Шарль взял букет и стал осторожно нюхать фиалки, прикосновение к ним освежало его покрасневшие от слез глаза. Эмма сейчас же выхватила у него цветы и поставила в воду.
На другой день приехала г-жа Бовари-мать. Они с сыном долго плакали. Эмма, сославшись на домашние дела, удалилась.
Еще через день пришлось заняться трауром. Обе женщины уселись с рабочими шкатулками в беседке, над рекой.
Шарль думал об отце и сам удивлялся, что так горюет о нем: прежде ему всегда казалось, что он не очень к нему привязан. Г-жа Бовари-мать думала о своем муже. Теперь она охотно бы вернула даже самые мрачные дни своей супружеской жизни. Бессознательное сожаление о том, к чему она давно привыкла, скрашивало все. Иголка беспрестанно мелькала у нее в руке, а по лицу старухи время от времени скатывались слезы и повисали на кончике носа. Эмма думала о том, что только двое суток назад они с Леоном, уединясь от всего света, полные любовью, не могли наглядеться друг на друга. Она пыталась припомнить мельчайшие подробности минувшего дня. Но ей мешало присутствие свекрови и мужа. Ей хотелось ничего не слышать, ничего не видеть; она боялась нарушить цельность своего чувства, и тем не менее вопреки ей самой чувство ее под напором внешних впечатлений постепенно рассеивалось.
Эмма распарывала подкладку платья, и вокруг нее сыпались лоскутки. Старуха, не поднимая головы, лязгала ножницами, а Шарль в веревочных туфлях и старом коричневом сюртуке, который теперь заменял ему халат, сидел, держа руки в карманах, и тоже не говорил ни слова.

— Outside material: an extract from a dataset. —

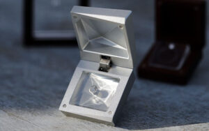 近年、サプライズプロポーズは「ダイヤモンド・プロポーズ」が、主流に加わりつつあります。「サイズが合うか」「デザインを気に入るか」といった婚約指輪に対する不安をなくし、贈ったダイヤモンドでプロポーズ後に一緒に婚約指輪づくりを楽しむことで、さらに絆を深め合うスタイルが人気です。SORAのプロポーズ用ダイヤモンドケースである「ダイアミューズ」は、3種類。「ダイアミューズ・メタル」は、金属の光沢感が魅力の箱型デザインで、クールでインダストリアルな美しさを備えた、誰とも違うサプライズプロポーズを演出します。

Берта, в белом переднике, скребла лопаткой усыпанную песком дорожку.
Внезапно отворилась калитка, и вошел торговец тканями г-н Лере.
Он пришел предложить свои услуги «и связи с печальными обстоятельствами». Эмма ответила, что она как будто ни в чем не нуждается. Однако на купца это не произвело впечатления.

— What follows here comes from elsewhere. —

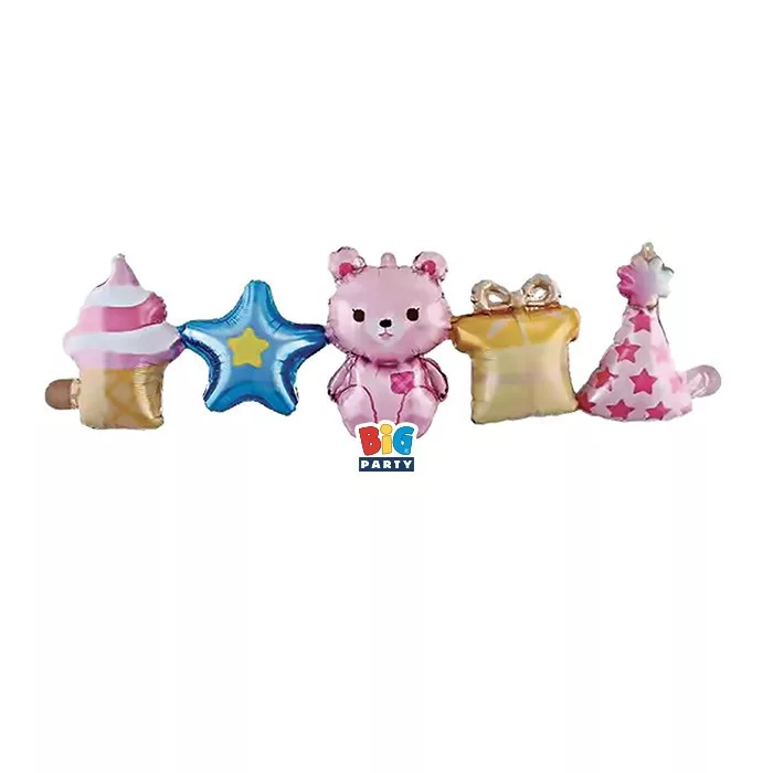 Forma fólia lufi girland 101x32 cm, Rózsaszín macis

- Простите великодушно, - сказал он Шарлю, - но мне надо поговорить с вами наедине. - И, понизив голос, добавил: - Относительно того дела... Помните?
Шарль покраснел до ушей.
- Ах да!.. Верно, верно! - пробормотал он и с растерянным видом обратился к жене: - А ты бы... ты бы не могла, дорогая?..
Эмма, видимо, поняла, о чем он ее просит. Она сейчас же встала, а Шарль сказал матери:
- Это так, пустяки! Какая-нибудь житейская мелочь.
Опасаясь выговора, он решил скрыть от нее всю историю с векселем.
Как только Эмма оказалась с г-ном Лере вдвоем, тот без особых подходов поздравил ее с получением наследства, а потом заговорил о вещах посторонних: о фруктовых деревьях, об урожае, о своем здоровье, а здоровье его было «так себе, ни шатко, ни валко». Да и с чего бы ему быть здоровым? Хлопот у него всегда полон рот, и все-таки он, что бы о нем ни болтали злые языки, еле сводит концы с концами.